Fischer–Tropsch synthetic wastewater treatment with Fe/Mn@CH: Catalytic ozonation and process evaluation

Abstract

• Fe-Mn@CH with high catalytic activity was prepared. • The organic matter is transformed into protein-like and tryptophan-like substances. • Ozone catalytic oxidation process is closer to the secondary reaction kinetics. • A multi-level-gray relational evaluation model is established. In this study, the honeycomb ceramic catalyst Fe/Mn@CH with high catalytic activity was prepared. The effect of preparation conditions on the catalytic performance of Fe/Mn@CH was systematically studied. Scanning electron microscope; X-ray energy spectrum analysis; X-ray diffraction; specific surface area, pore distribution and adsorption performance analysis; X-ray fluorescence spectroscopy; and X-ray photoelectron spectroscopy were performed to analyze the structural characteristics of the catalyst.
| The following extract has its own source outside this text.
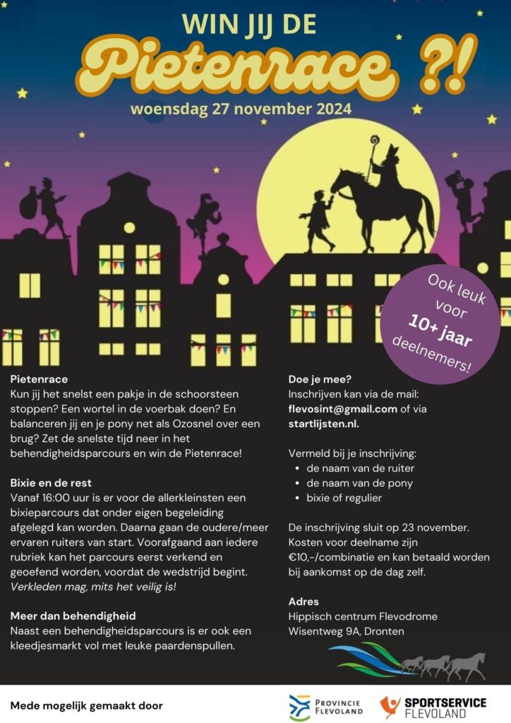 Omdat het een groot succes was vorig jaar, organiseren wij dit jaar weer met medewerking van de Sint en zijn pieten op woensdagmiddag 27 november de gezellige pietenrace.

The optimal working conditions of the catalytic ozonation system for the degradation of Fischer–Tropsch synthesis wastewater were also studied. The metal elements Fe and Mn were successfully loaded on the surface of the honeycomb ceramic carrier in the form of α-MnO 2 and α-Fe 2 O 3 oxides. The optimal COD removal rate could reach 64.37% at pH of 9, ozone dosage of 6 g/h, Fe/Mn@CH dosage of 50 g/300 mL, and reaction time of 60 min. The specific mechanism of catalytic ozonation in the presence of tert -butanol was explored through ultraviolet absorption spectroscopy and three-dimensional fluorescence spectroscopy. The COD removal efficiency for Fischer–Tropsch synthesis wastewater was analyzed on the basis of catalytic oxidation reaction kinetics. Finally, a multilevel gray correlation evaluation model was established for the quantitative evaluation of the ozonation catalytic oxidation of Fischer–Tropsch wastewater.